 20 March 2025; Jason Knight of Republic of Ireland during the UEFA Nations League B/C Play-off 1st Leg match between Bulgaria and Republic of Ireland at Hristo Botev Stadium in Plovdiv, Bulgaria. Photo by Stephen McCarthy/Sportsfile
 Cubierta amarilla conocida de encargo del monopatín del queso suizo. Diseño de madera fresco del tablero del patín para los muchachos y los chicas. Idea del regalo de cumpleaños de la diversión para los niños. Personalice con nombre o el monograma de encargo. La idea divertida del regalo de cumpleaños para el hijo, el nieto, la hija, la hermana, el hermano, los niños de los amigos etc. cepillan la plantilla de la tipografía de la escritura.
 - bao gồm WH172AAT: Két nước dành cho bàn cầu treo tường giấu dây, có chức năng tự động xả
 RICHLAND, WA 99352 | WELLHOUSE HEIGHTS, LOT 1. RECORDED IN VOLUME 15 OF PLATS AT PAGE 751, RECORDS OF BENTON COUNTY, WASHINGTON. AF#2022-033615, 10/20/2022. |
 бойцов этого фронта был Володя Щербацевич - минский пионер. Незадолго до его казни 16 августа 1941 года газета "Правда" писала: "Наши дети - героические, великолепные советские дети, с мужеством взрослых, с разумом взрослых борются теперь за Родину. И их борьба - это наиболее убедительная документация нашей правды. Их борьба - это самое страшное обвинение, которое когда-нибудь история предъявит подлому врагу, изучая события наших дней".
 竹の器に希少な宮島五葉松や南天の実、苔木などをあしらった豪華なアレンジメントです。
--
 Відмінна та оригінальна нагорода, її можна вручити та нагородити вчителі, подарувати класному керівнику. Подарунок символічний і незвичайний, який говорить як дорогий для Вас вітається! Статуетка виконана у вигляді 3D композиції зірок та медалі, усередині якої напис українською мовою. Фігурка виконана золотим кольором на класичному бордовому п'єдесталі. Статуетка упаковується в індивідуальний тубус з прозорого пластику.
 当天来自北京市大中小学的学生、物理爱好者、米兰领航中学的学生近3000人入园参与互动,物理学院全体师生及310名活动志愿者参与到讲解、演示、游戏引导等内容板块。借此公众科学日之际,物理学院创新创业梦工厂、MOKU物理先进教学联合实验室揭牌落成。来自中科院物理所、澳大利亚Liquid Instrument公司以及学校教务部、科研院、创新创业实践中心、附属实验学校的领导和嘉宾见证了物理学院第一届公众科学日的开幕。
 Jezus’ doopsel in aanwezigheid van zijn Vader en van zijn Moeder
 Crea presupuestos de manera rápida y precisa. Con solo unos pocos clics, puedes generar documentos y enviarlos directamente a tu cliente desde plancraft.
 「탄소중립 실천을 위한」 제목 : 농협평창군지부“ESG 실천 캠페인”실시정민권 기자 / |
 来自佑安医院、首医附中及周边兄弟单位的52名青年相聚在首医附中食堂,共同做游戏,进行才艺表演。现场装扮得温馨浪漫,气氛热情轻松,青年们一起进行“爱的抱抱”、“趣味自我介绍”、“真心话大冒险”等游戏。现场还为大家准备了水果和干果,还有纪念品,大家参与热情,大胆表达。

WHAT IS REQUIRED | Out of the entries above, write out only the lines between the line holding "Crea presupuestos de" and the line holding "来自佑安医院、首医附中及周边", inclusive, each exactly as given.

EXERCISE RESULT |
 Crea presupuestos de manera rápida y precisa. Con solo unos pocos clics, puedes generar documentos y enviarlos directamente a tu cliente desde plancraft.
 「탄소중립 실천을 위한」 제목 : 농협평창군지부“ESG 실천 캠페인”실시정민권 기자 / |
 来自佑安医院、首医附中及周边兄弟单位的52名青年相聚在首医附中食堂,共同做游戏,进行才艺表演。现场装扮得温馨浪漫,气氛热情轻松,青年们一起进行“爱的抱抱”、“趣味自我介绍”、“真心话大冒险”等游戏。现场还为大家准备了水果和干果,还有纪念品,大家参与热情,大胆表达。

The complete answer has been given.